“What can we do?”
Okas shrugged. “We can defend the child.”
“Can we succeed?”
“No, Chareos. But when has that ever been important?”
If you’ve read Tolkien’s The Silmarillion you might have felt the same sense of shock as I did that the epic story of Frodo, the ring and the return of the king was summarised in just a few paragraphs that gave the barest details of that mighty quest but placed it firmly in its place as an important but minor episode in the history of Middle-Earth.
Something similar happens here: this story is sandwiched between The King Beyond The Gate and Winter Warriors which would be published about seven years after this. In that latter book, reference is made to the War Of The Twins, a bitter war of succession that ravaged the continent that these stories take place on. Mr Gemmell never wrote about this war but the results of it were all over the “future” Drenai novels. And here we see its genesis.

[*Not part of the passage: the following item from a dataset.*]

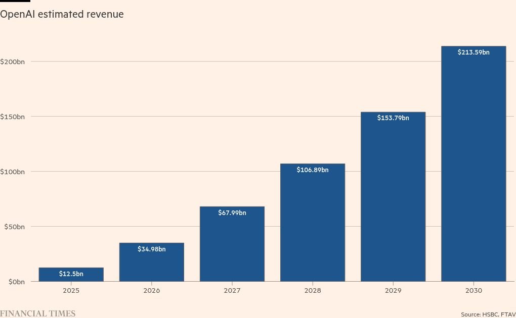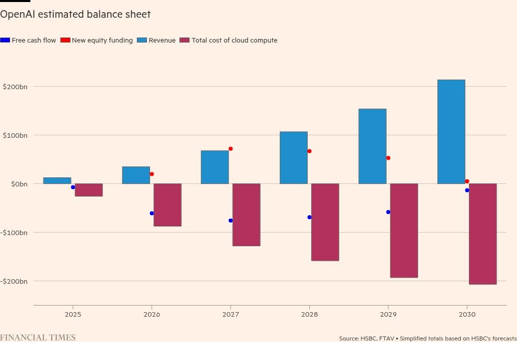 OpenAI’s cumulative free cash flow to 2030 may be about $282bn, it forecasts, while Nvidia’s promised cash injections and the disposal of AMD shares can bring in another $26bn. The broker also includes OpenAI’s $24bn of undrawn debt and equity facilities and, at the 2025 mid-year point, its $17.5bn of available liquidity.

And it’s a bloody shambles.
It starts with a raid by Nadir tribesmen on a village where they steal away women for the slave markets. A young man believing himself to be in love with one of the girls embarks on a quest to win her back. He enlists the aid of four veterans of the last war with the Nadir – against Tenaka Khan, one of the heroes of The King Beyond The Gate (and we find out the results of the brilliant epilogue from that book as well) – as well as other allies and then the story takes a rather grim turn…
I didn’t enjoy this book the first time I read it. It was well-written and moved fast but it felt dark and nihilistic and joyless. It still does but I can see a real sense of purpose to it now. What makes it clearer is the sense you get of the larger history surrounding this novel, of where it fits into the author’s schematic of what he wanted to achieve with this series and the novels own themes.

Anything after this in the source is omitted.